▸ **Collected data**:
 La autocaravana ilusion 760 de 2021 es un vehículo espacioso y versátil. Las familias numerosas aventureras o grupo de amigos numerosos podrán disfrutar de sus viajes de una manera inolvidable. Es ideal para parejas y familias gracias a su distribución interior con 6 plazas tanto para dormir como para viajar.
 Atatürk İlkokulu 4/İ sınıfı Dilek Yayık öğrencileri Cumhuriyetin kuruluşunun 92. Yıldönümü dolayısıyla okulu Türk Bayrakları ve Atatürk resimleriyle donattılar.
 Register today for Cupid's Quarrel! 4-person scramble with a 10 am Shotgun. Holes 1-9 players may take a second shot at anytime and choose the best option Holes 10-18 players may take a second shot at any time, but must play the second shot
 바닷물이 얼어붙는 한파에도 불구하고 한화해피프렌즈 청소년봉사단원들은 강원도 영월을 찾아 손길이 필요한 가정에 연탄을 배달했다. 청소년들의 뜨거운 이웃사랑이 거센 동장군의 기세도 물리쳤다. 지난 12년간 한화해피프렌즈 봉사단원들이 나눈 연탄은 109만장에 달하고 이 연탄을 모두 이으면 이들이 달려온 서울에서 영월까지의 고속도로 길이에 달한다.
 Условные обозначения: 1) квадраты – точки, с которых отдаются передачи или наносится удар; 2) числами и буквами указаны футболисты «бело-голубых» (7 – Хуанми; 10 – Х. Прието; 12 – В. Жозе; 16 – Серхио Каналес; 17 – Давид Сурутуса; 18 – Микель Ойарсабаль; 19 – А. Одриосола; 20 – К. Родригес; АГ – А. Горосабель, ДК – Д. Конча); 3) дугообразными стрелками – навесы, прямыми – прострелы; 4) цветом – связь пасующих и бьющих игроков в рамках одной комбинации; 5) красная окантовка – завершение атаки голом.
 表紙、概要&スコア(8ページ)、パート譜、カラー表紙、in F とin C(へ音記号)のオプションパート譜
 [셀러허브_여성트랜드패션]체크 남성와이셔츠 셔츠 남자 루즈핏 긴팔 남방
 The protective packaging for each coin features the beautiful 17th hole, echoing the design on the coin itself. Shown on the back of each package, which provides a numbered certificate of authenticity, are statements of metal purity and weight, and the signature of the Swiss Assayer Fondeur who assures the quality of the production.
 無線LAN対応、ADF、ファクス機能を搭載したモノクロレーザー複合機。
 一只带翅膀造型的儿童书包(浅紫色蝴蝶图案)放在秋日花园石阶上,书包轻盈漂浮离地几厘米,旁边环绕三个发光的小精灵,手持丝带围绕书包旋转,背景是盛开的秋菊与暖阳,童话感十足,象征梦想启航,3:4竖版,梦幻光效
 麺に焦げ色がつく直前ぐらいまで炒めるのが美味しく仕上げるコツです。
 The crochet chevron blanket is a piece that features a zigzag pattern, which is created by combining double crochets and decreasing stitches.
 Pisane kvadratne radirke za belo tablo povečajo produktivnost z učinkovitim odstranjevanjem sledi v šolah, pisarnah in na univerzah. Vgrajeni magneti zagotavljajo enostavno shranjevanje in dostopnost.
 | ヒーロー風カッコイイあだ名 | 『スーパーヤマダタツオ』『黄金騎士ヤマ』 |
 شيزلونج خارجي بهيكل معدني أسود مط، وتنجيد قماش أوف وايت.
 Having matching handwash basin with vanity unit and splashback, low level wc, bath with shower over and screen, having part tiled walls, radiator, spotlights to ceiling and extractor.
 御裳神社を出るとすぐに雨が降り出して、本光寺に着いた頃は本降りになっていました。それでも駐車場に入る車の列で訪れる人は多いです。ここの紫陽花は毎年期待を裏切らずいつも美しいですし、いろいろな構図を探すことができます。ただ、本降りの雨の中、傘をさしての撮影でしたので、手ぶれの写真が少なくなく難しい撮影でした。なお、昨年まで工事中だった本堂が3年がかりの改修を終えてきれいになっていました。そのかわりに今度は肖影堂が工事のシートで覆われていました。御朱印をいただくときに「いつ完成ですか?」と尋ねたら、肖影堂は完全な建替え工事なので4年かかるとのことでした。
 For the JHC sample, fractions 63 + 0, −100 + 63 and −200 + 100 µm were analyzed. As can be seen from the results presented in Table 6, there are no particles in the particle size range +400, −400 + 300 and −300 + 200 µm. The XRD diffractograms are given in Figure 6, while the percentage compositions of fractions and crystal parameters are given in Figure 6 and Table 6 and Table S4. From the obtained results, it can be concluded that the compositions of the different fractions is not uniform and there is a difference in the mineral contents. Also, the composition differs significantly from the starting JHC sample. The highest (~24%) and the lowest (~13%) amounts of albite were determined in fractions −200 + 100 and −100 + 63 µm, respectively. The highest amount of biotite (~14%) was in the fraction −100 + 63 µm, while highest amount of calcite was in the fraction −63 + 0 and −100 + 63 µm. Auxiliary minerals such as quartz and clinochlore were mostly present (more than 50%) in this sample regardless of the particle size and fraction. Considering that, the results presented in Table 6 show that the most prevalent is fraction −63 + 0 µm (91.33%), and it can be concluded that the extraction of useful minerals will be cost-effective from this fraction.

▸ **ABOUT THIS EXERCISE**:
Using the records above, set down exactly the lines from the one with "麺に焦げ色がつく直前ぐらいまで炒めるのが美味しく仕上げるコツです。" through the one with "御裳神社を出るとすぐに雨が降", inclusive, and nothing more.

▸ **EXERCISE OUTPUT**:
 麺に焦げ色がつく直前ぐらいまで炒めるのが美味しく仕上げるコツです。
 The crochet chevron blanket is a piece that features a zigzag pattern, which is created by combining double crochets and decreasing stitches.
 Pisane kvadratne radirke za belo tablo povečajo produktivnost z učinkovitim odstranjevanjem sledi v šolah, pisarnah in na univerzah. Vgrajeni magneti zagotavljajo enostavno shranjevanje in dostopnost.
 | ヒーロー風カッコイイあだ名 | 『スーパーヤマダタツオ』『黄金騎士ヤマ』 |
 شيزلونج خارجي بهيكل معدني أسود مط، وتنجيد قماش أوف وايت.
 Having matching handwash basin with vanity unit and splashback, low level wc, bath with shower over and screen, having part tiled walls, radiator, spotlights to ceiling and extractor.
 御裳神社を出るとすぐに雨が降り出して、本光寺に着いた頃は本降りになっていました。それでも駐車場に入る車の列で訪れる人は多いです。ここの紫陽花は毎年期待を裏切らずいつも美しいですし、いろいろな構図を探すことができます。ただ、本降りの雨の中、傘をさしての撮影でしたので、手ぶれの写真が少なくなく難しい撮影でした。なお、昨年まで工事中だった本堂が3年がかりの改修を終えてきれいになっていました。そのかわりに今度は肖影堂が工事のシートで覆われていました。御朱印をいただくときに「いつ完成ですか?」と尋ねたら、肖影堂は完全な建替え工事なので4年かかるとのことでした。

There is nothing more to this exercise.